Goal of the exercise -
Write out the entries exactly, leaving out every picture.

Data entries
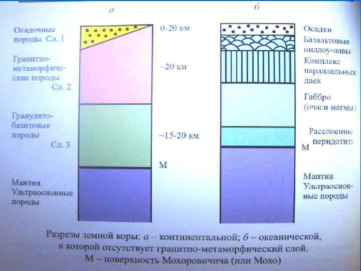 Строение земной коры Осадочный, «гранитный и базальтовый» слои
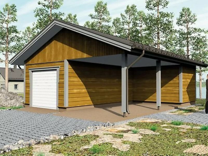 Проекты гаражей с хозблоком и навесом: Проекты гаражей с хозблоком (с хозяйственной частью): варианты построек
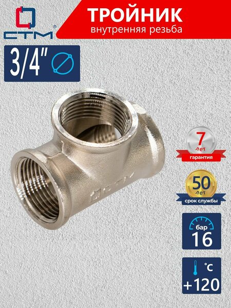 Тройник 3/4", резьба внутренняя, латунный для труб. Износостойкая никелированная латунь обеспечивает долгий срок фитинга службы и устойчивость к коррозии. Выдерживает высокое давление, подходит для сложных условий эксплуатации
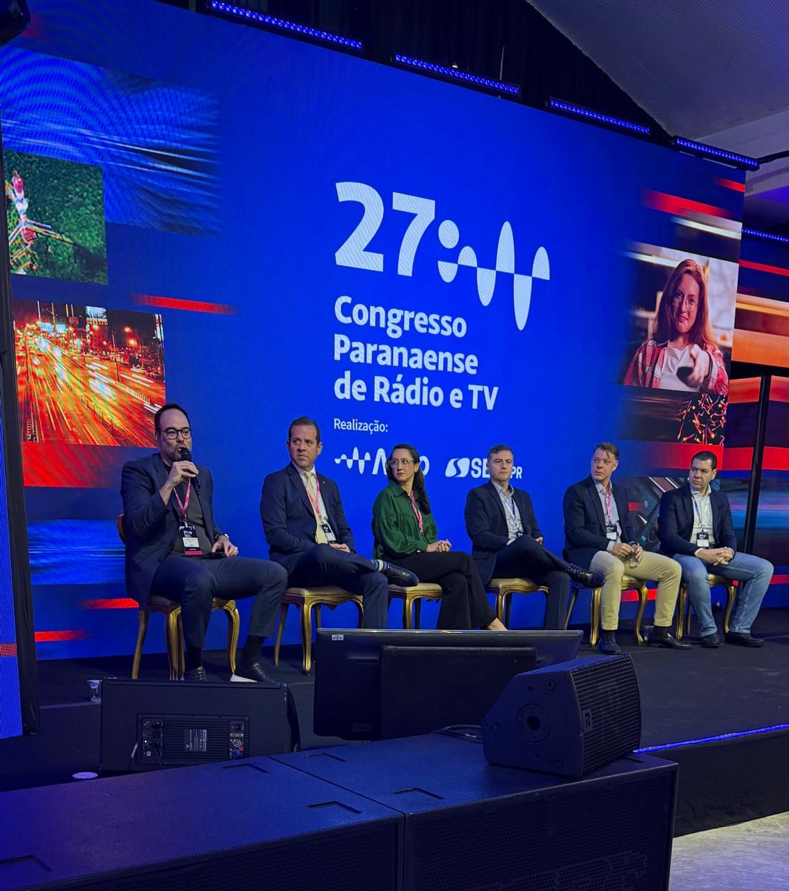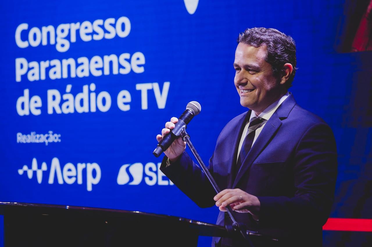 O governador Carlos Massa Ratinho Junior, em missão internacional na Europa, enviou uma mensagem gravada aos participantes, ressaltando a importância da geração de empregos no setor de rádio e TV.
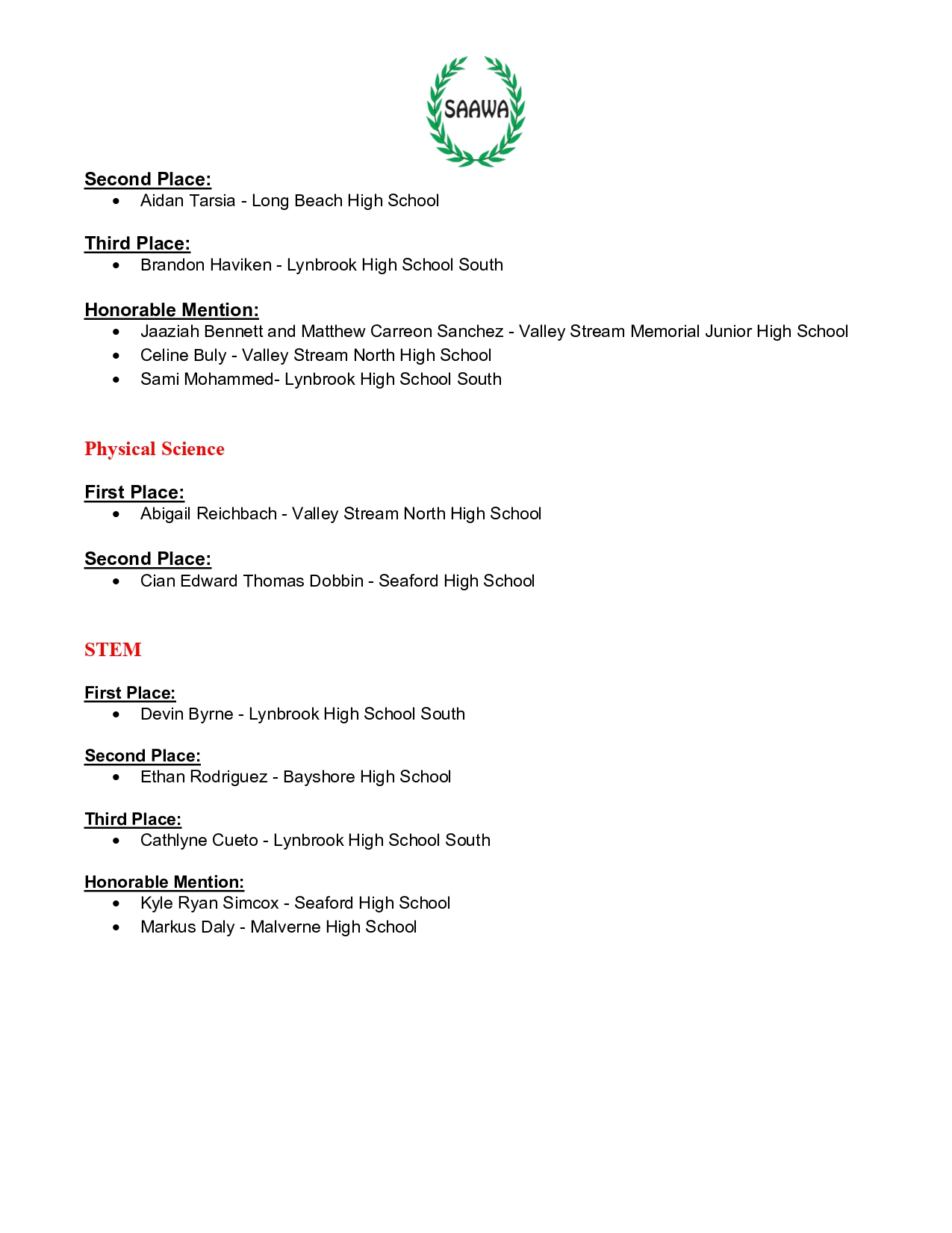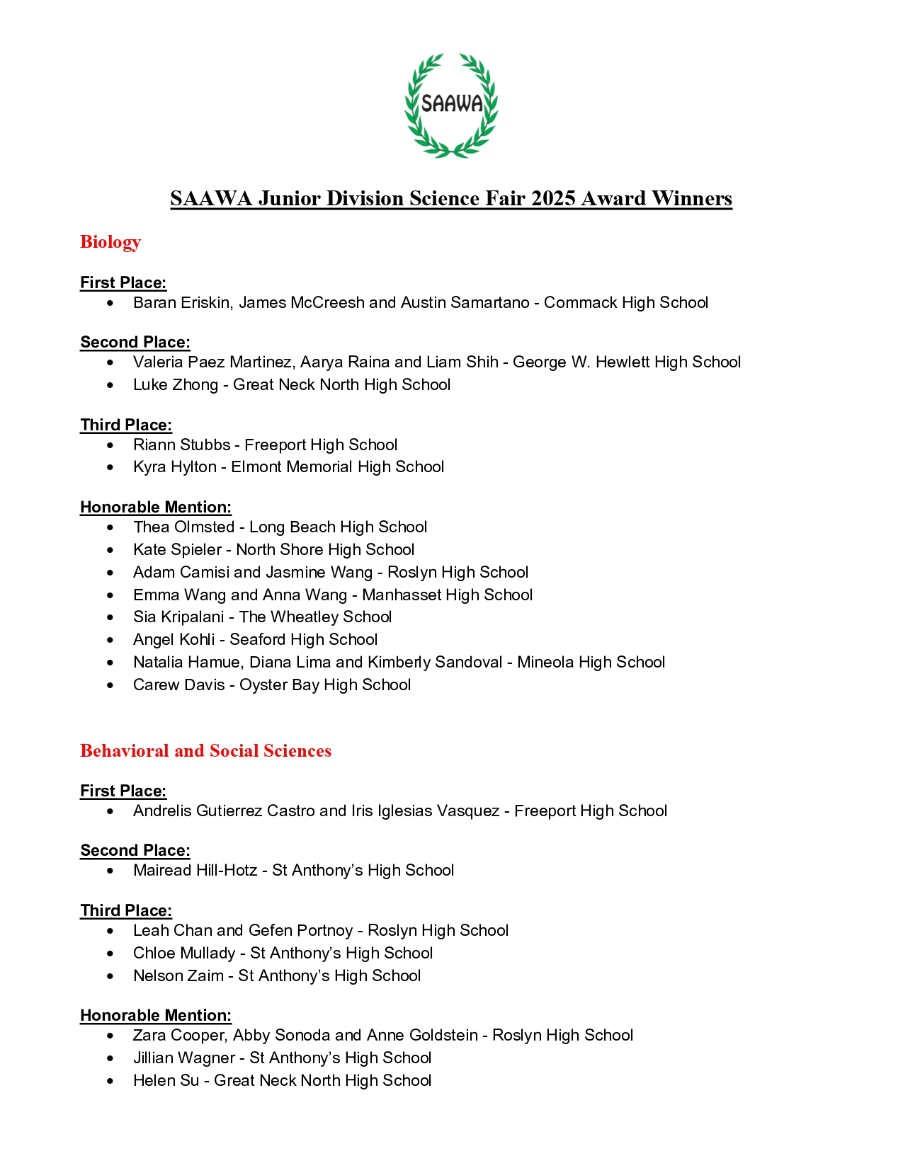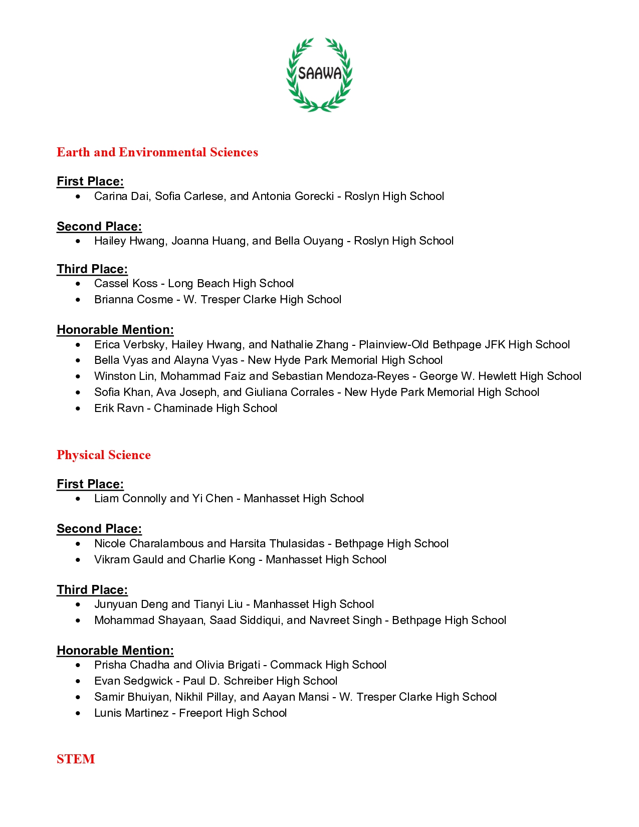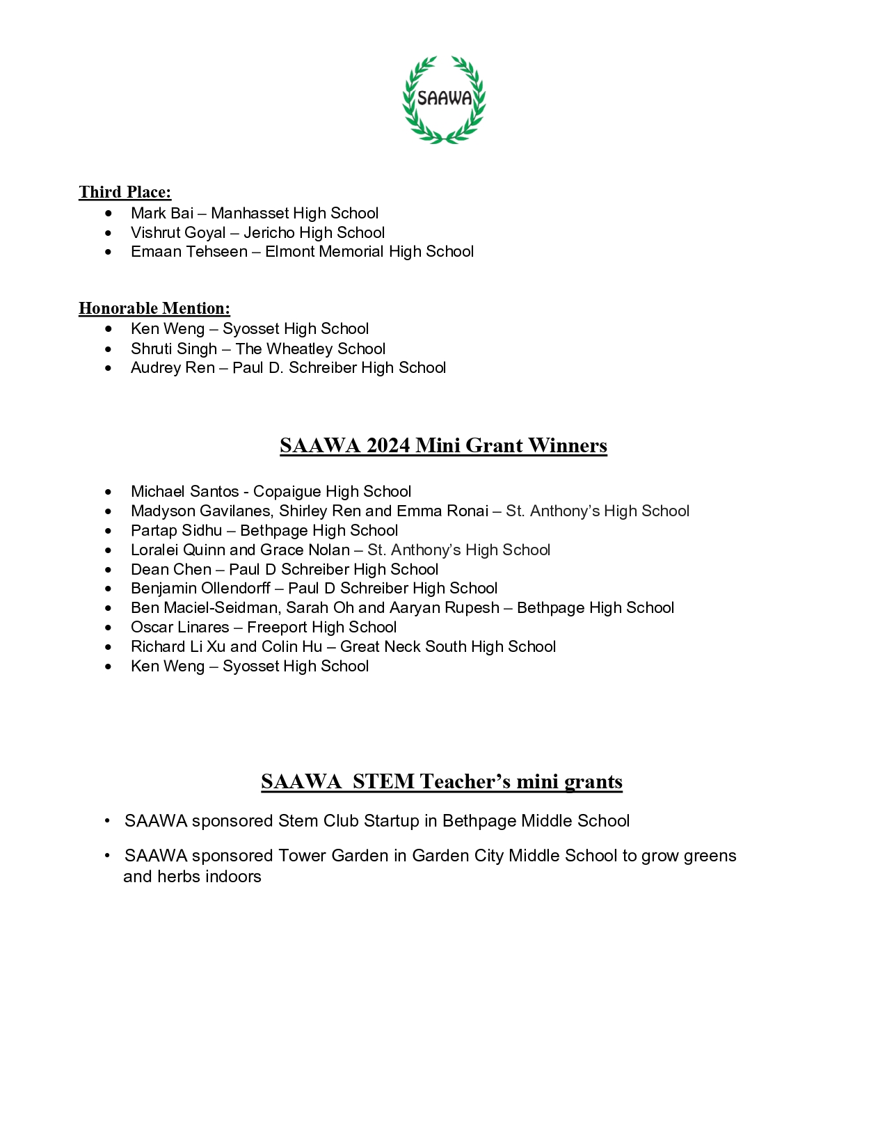 SAAWA Ninth Grade Science Fair 2024 Awards
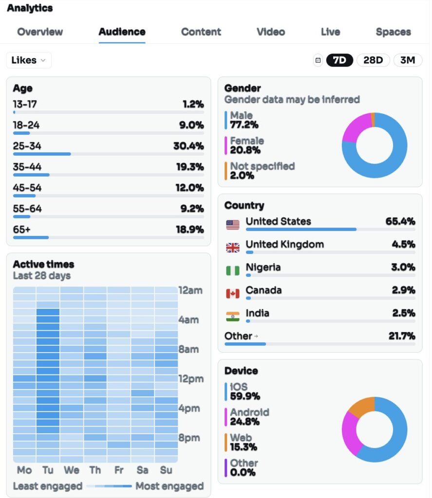 The activity heatmap shows the audience remains engaged throughout the week, with peak activity times concentrated in evening hours. The infrastructure for engagement exists; the algorithm simply appears to prevent it.
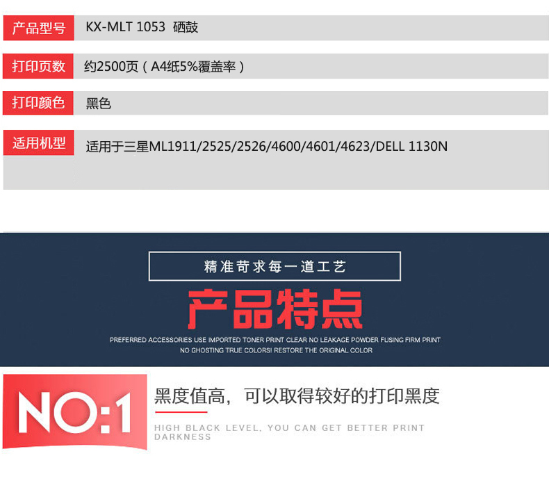 凱欣標(biāo)準(zhǔn)版 KX-MLT1053粉盒 適用于三星 ML1911/2525/2526/4600/4601/4623/DELL 1130N 全國(guó)統(tǒng)一價(jià):160元
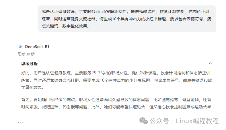 现在做小红书内容的朋友们都知道,这个平台已经成为流量密码的关键。但是,光靠努力可不够,还得有点“黑科技”加持。今天就来聊聊DeepSeek这个神器,如何帮你打造高转化的小红书内容矩阵,让你的账号爆单不断!大家都知道,标题就是门面,吸引用户点进去是关键。如果标题不够吸引人,再好的内容都没人看。传统的方法要不停调试各种Prompt,既麻烦又不稳定。举个例子,你是一名健身教练,主要服务25-35岁的职场
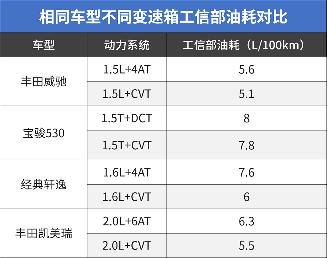 至少在巡航时,更低的转速也意味着更加低的油耗,虽然CVT的传动效率不高,但是在日常使用中油耗确实是比较出色的。这一点从许多车型换上CVT之后的工信部油耗数据也能看出来。比如说笔者的威驰在换上CVT之后工信部油耗下降了0.5L/100km,要知道本身威驰这款车型就很省油。
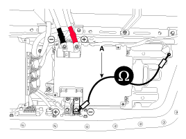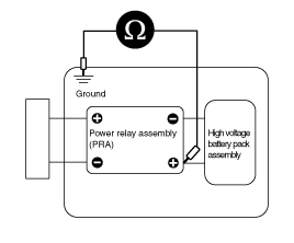 Подсоедините положительную (+) клемму к клеммам высоковольтной батареи (+, -) для измерения сопротивления.
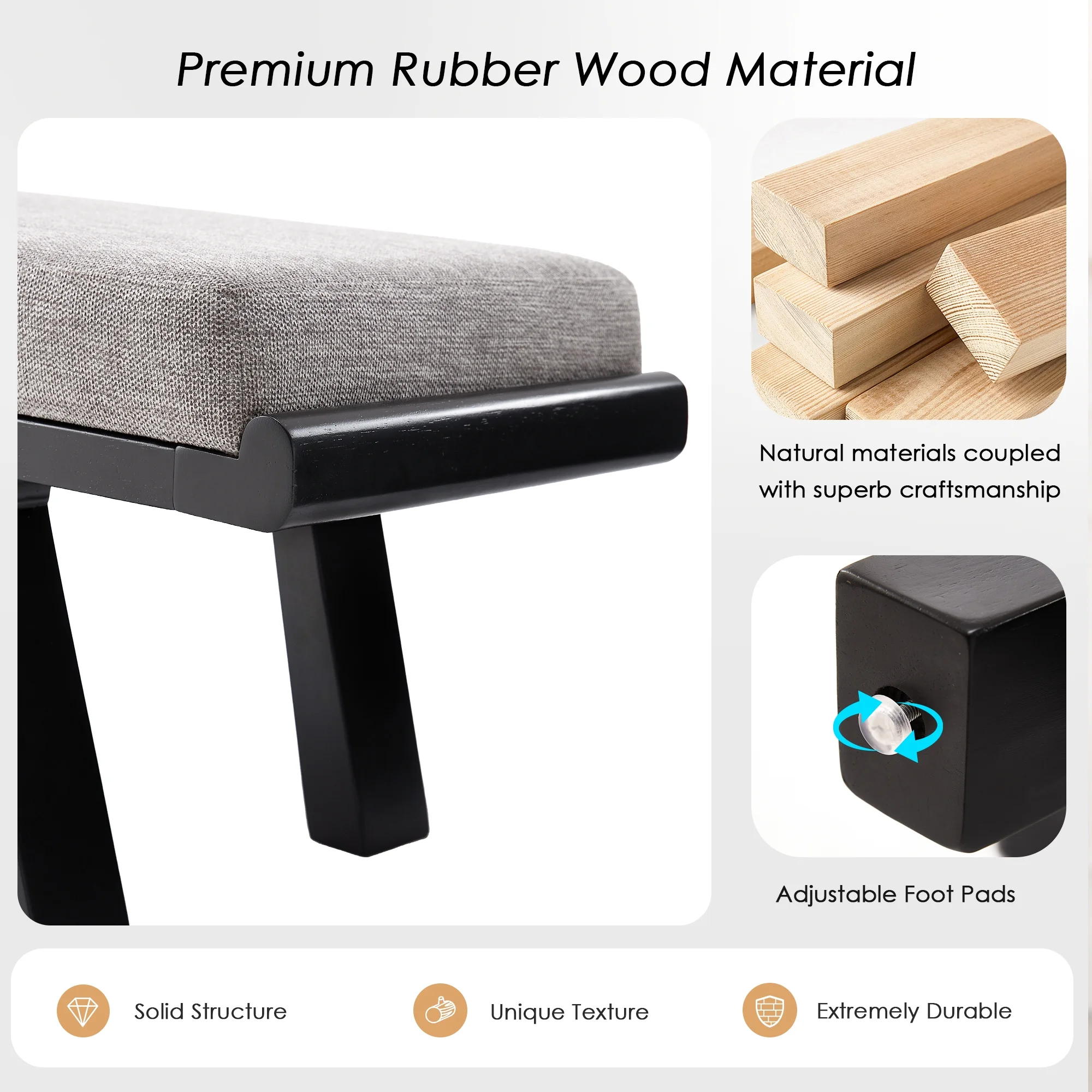 - ��Sturdy & Stable��Natural rubber wood legs are sturdy and durable ( capacity 750 lbs), slightly splayed for enhanced stability. Adjustable foot pads on the bottom protect your floors and adapt to different surfaces.

Task solution -
 Строение земной коры Осадочный, «гранитный и базальтовый» слои
 Проекты гаражей с хозблоком и навесом: Проекты гаражей с хозблоком (с хозяйственной частью): варианты построек
 Тройник 3/4", резьба внутренняя, латунный для труб. Износостойкая никелированная латунь обеспечивает долгий срок фитинга службы и устойчивость к коррозии. Выдерживает высокое давление, подходит для сложных условий эксплуатации
 O governador Carlos Massa Ratinho Junior, em missão internacional na Europa, enviou uma mensagem gravada aos participantes, ressaltando a importância da geração de empregos no setor de rádio e TV.
 SAAWA Ninth Grade Science Fair 2024 Awards
 The activity heatmap shows the audience remains engaged throughout the week, with peak activity times concentrated in evening hours. The infrastructure for engagement exists; the algorithm simply appears to prevent it.
 凱欣標(biāo)準(zhǔn)版 KX-MLT1053粉盒 適用于三星 ML1911/2525/2526/4600/4601/4623/DELL 1130N 全國(guó)統(tǒng)一價(jià):160元
 现在做小红书内容的朋友们都知道,这个平台已经成为流量密码的关键。但是,光靠努力可不够,还得有点“黑科技”加持。今天就来聊聊DeepSeek这个神器,如何帮你打造高转化的小红书内容矩阵,让你的账号爆单不断!大家都知道,标题就是门面,吸引用户点进去是关键。如果标题不够吸引人,再好的内容都没人看。传统的方法要不停调试各种Prompt,既麻烦又不稳定。举个例子,你是一名健身教练,主要服务25-35岁的职场
 至少在巡航时,更低的转速也意味着更加低的油耗,虽然CVT的传动效率不高,但是在日常使用中油耗确实是比较出色的。这一点从许多车型换上CVT之后的工信部油耗数据也能看出来。比如说笔者的威驰在换上CVT之后工信部油耗下降了0.5L/100km,要知道本身威驰这款车型就很省油。
 Подсоедините положительную (+) клемму к клеммам высоковольтной батареи (+, -) для измерения сопротивления.
 - ��Sturdy & Stable��Natural rubber wood legs are sturdy and durable ( capacity 750 lbs), slightly splayed for enhanced stability. Adjustable foot pads on the bottom protect your floors and adapt to different surfaces.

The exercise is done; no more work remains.